The Rev. John Archibald Dunbar-Dunbar (8 October 1849 – 11 November 1905) was a British philatelist who was one of the "Fathers of Philately" entered on the Roll of Distinguished Philatelists in 1921. He was an expert in the stamps of Australia.

==Early life==
Dunbar-Dunbar was born on 8 October 1849 at Seapark, Forres, Morayshire, Scotland, the son of Edward Dunbar-Dunbar, a captain in the 21st Fusiliers, and Phoebe Dunbar (died 1899 leaving £109,808). He received his university education at Oxford, graduating with a B.A. degree in 1873.

==Clerical career==
On 5 November 1875 at Warwick he married Louisa Cambray and by 1875 he was Assistant Curate at St.

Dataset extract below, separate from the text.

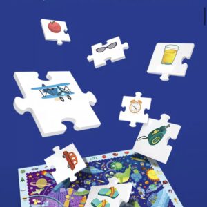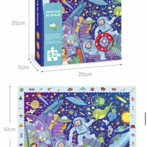 The game contains a set of scattered pictures (42) pictures of cardboard, which is a puzzle that introduces your child to the world of space and gives him space to form an integrated board by assembling the elements in the appropriate place.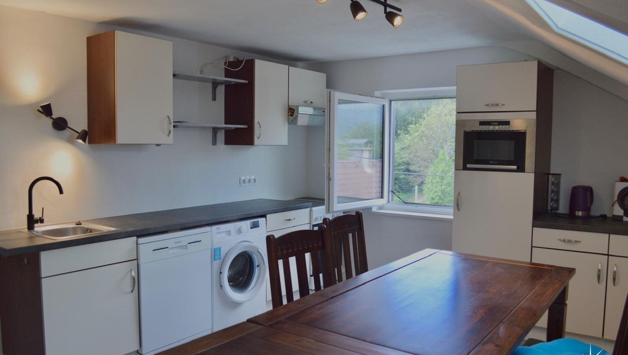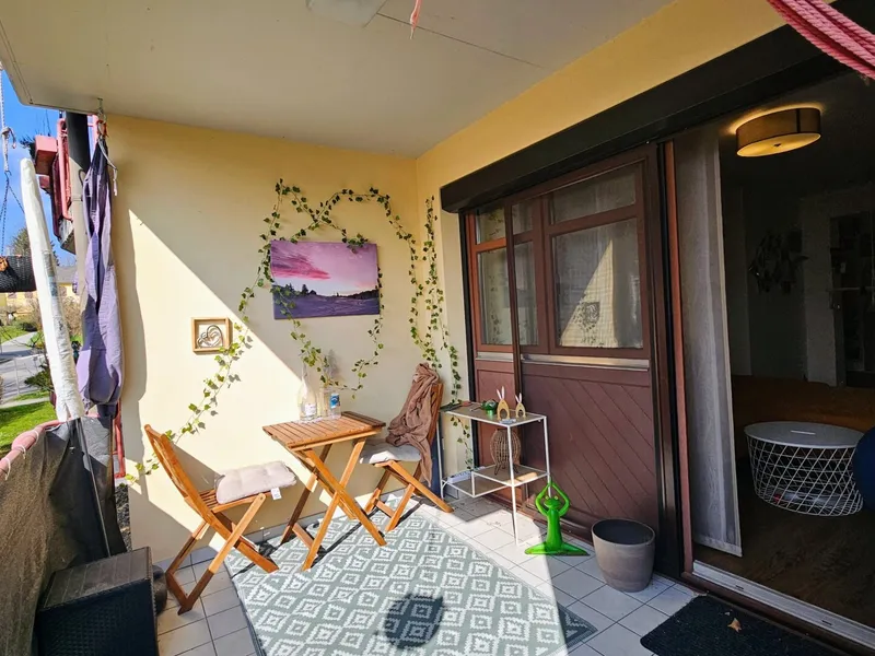 Ein Highlight der Wohnung ist der großzügige Südbalkon, der Ihnen einen traumhaften Ausblick auf die umliegenden Berge, das grüne Umland und Fernblick bietet. Hier können Sie entspannte Stunden verbringen, den Tag mit einem Frühstück in der Sonne beginnen oder den Abend bei einem Glas Wein ausklingen lassen.

Salvador's Church, Dundee where he was subsequently ordained as a priest in 1876. In April 1878 he became the curate at St. Margaret's Episcopal Church, Lochee, Dundee.

==Death==
The Reverend died in 1905 and left estate valued at £151,192. His stamps were left to the Museum of Science and Art in Edinburgh. He also left a bequest to benefit 10 poor persons in the Findhorn area aged 65 and upwards, which must have been sizeable at the time, but is now only about £4000.